According to statistics, in the elevator accident, electrical accidents accounted for more than 80% of the total elevator accidents. It is very necessary to prevent elevator electrical accidents and do related maintenance work. Then we learn about some of the causes of the failure of the elevator control system, and related processing methods to ensure the safe and reliable operation of the elevator.



Safety circuit

   Role: To ensure that the elevator can operate safely, there are many safety components on the elevator. Only if each safety component is in normal condition, the elevator can run, otherwise the elevator will immediately stop running.

    Common safety circuit switches are:

    Room: Control panel emergency stop switch, phase sequence relay, thermal relay, speed limiter switch

    Well: Upper limit switch, lower limit switch

    Ground pit: broken rope protection switch, pit maintenance box emergency stop switch, buffer switch

    Car: Control Box Emergency Stop Switch

    Car top: safety window switch, safety gear switch, car top repair box emergency stop switch

    Fault status: When the elevator is in a stop state, all signals cannot be registered, and neither the fast train nor the slow train can operate. First, it is suspected that the safety loop is faulty. The status of the safety relay should be observed on the control panel of the equipment room. If the safety relay is released, it should be judged as a safety circuit failure.

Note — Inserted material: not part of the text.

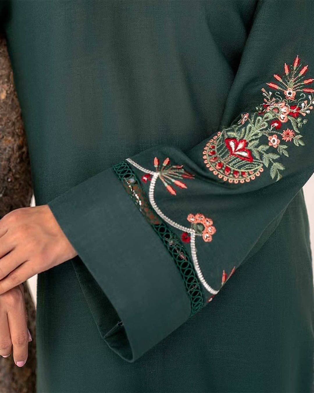 - Embroidered

    Possible causes of failure:

    1. The phase sequence relay is activated due to the wrong phase sequence or phase loss of the input power supply.

    2. The elevator is in overload operation or stalled for a long time, causing the thermal relay to move.

    3. Overspeed may cause overspeed governor switching.

    4. Lifting or sinking of the elevator causes extreme switching.

    5. The pit breaks the rope switch action. Maybe the speed limiter rope jumps out or is too long.

    6. Safety pliers action. Should find out the reason. Possible speed limiter overspeed action, overspeed governor oil loss error, oil loss in the pit rope, foreign objects (such as rats, etc.) in the pit rope, and gaps in the safety stake are too small.

    7. The safety window is lifted up, causing the safety window to open and close.

    8. Possible emergency stop switch was pressed.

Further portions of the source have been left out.